# ABS Electrical Malfunction



## vasillalov (Nov 5, 2003)

Hiya everyone,

I recently purchased a 2000 Audi A4 1.8TQ. The ABS light is on and VAG-COM detects the following:

*
18014 - Rough Road/Engine Torque Signal from ABS: Electrical Malfunction 
P1606 - 35-00 - - 

*

Any ideas what is wrong?


----------



## vasillalov (Nov 5, 2003)

Noone?


----------



## r1900 (Nov 6, 2010)

Clear the code, and see if it comes back again.
is the ASR light on (if your car has it) as well?


----------



## vasillalov (Nov 5, 2003)

Thanks for the reply. I cleared the code. It came back up after a few miles. No ASR light on the dashboard.


----------



## greyhare (Dec 24, 2003)

This may help.

http://wiki.ross-tech.com/wiki/index.php/18014/P1606/005638


----------



## ghent96 (Sep 4, 2009)

My ABS light just turned on, but I haven't been able to pull the codes yet. Snowed in by Snowpocalypse 2011 and the Blizzard of Oz (as predicted by... Snowstradamus himself)...

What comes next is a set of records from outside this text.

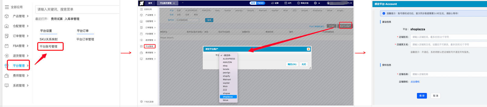 2. 点击平台账号管理。(点击“平台订单授权指引”可查看不同平台授权指引文档)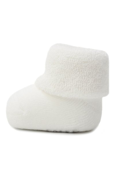 Носки Erstlingsringel с махровой изнанкой изготовили из пряжи We Care на основе органического хлопка. Модель в полоску украсили отворотом на паголенке и контрастным логотипом на подошве.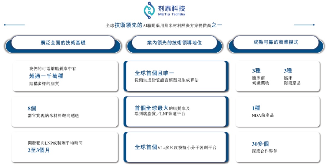 剂泰科技采用双轮驱动商业模式,将公司的专有AiTEM、AiLNP及AiRNA平台与内部开发的治疗资产协同整合,以实现解决方案平台商业价值的最大化。该模式结合了(i)向外部合作伙伴提供递送系统、脂质库及发现解决方案的平台战略合作模式;及(ii)通过许可、共同开发或商业化推进公司内部管线的产品合作关系。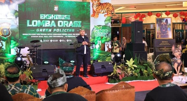 Mentengnews.comPekanbaru: Polda Riau telah menyelesaikan Ekshibisi Lomba Orasi Green Policing 2026, agenda puncak diselenggarakan di Atrium Mal SKA Pekanbaru, Minggu (15/2/2026) dengan tema ‘Aksi Pemuda untuk Lingkungan Bersih, Aman, dan Berkelanjutan’.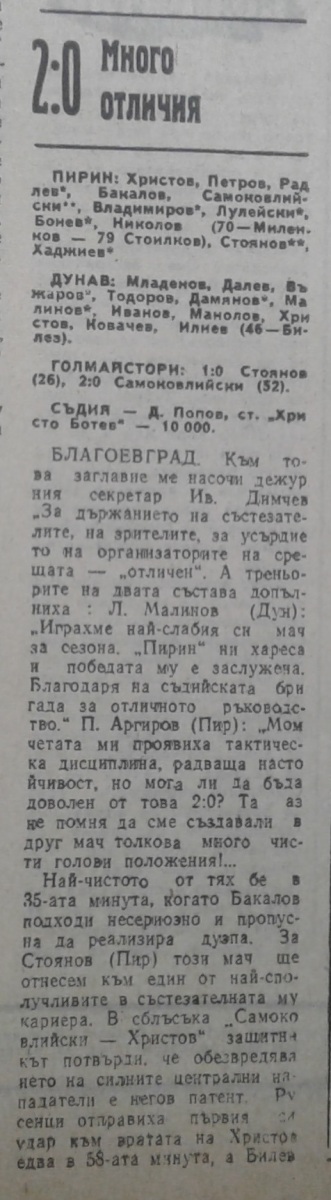 «Пирин» Благоевград - «Дунав» Русе - 2:0

Trying to climb back up my steep driveway in all the snow, I turned ESP off, got a running start from across the street, and rev'd up. It got into the 5000's rpms, never redlined or close, and the dashboard lights went nuts  CEL, ESP, ABS, Brake... all on. Turned the car off and restarted, the ESP light then turned off and on normally with the switch, but ABS & brake lights are still on (with the CEL). Handbrake is off, so the brake light shouldn't be on.

I wasn't even using the brakes, that was the wierd part. ABS activation during my morning drive was light or none at all since I know how to drive in snow. I'm guessing the ESP system uses braking, but that was turned off during my "driveway dash", so ... I'm left mystified.


----------



## r1900 (Nov 6, 2010)

^^
The ABS will stay on after you turn the car back on, but juts drive it like you do normally, and the ABS will eventually turn off as well.
If you were trying to go uphill in your drive way int he snow, i would put my bet on snow getting into ABS sensor perhaps, or maybe the speed sensors were giving a lot of signals to the ECU (slipping). 
I can't be 100% sure, but because this same thing happed to me, the CEL is probably the oxygen sensor , when you revved high.
of course best thing to do is actually scan the car.


----------